━━━━━ DATA TO USE ━━━━━

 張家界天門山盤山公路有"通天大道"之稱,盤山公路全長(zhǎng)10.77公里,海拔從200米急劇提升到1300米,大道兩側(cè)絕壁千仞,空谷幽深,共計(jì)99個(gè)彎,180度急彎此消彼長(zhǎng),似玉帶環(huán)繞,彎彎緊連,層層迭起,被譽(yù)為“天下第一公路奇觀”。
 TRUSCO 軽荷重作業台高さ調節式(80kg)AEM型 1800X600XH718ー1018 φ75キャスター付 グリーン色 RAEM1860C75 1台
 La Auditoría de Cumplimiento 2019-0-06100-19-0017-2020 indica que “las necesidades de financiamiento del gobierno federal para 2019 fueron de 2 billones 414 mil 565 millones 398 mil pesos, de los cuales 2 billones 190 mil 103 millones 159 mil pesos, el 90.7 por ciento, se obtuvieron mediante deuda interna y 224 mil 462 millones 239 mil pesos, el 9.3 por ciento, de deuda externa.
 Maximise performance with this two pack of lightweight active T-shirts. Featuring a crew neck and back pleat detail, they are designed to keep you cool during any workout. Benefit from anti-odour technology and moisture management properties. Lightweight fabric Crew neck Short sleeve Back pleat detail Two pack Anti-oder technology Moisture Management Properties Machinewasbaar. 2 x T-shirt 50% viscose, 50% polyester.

━━━━━
━━━━━ DATA TO USE ━━━━━

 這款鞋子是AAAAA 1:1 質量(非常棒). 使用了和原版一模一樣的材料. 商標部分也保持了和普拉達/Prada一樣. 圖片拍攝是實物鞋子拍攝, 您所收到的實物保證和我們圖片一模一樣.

━━━━━

• [WHAT YOU SHOULD DO] Whatever else the listing above holds, retype exactly only the lines from the one containing "TRUSCO 軽荷重作業台高さ調節式(80kg)AEM型 1800X600XH718ー1018" to the one containing "Maximise performance with", both ends kept.

• [RESPONSE BOX]
 TRUSCO 軽荷重作業台高さ調節式(80kg)AEM型 1800X600XH718ー1018 φ75キャスター付 グリーン色 RAEM1860C75 1台
 La Auditoría de Cumplimiento 2019-0-06100-19-0017-2020 indica que “las necesidades de financiamiento del gobierno federal para 2019 fueron de 2 billones 414 mil 565 millones 398 mil pesos, de los cuales 2 billones 190 mil 103 millones 159 mil pesos, el 90.7 por ciento, se obtuvieron mediante deuda interna y 224 mil 462 millones 239 mil pesos, el 9.3 por ciento, de deuda externa.
 Maximise performance with this two pack of lightweight active T-shirts. Featuring a crew neck and back pleat detail, they are designed to keep you cool during any workout. Benefit from anti-odour technology and moisture management properties. Lightweight fabric Crew neck Short sleeve Back pleat detail Two pack Anti-oder technology Moisture Management Properties Machinewasbaar. 2 x T-shirt 50% viscose, 50% polyester.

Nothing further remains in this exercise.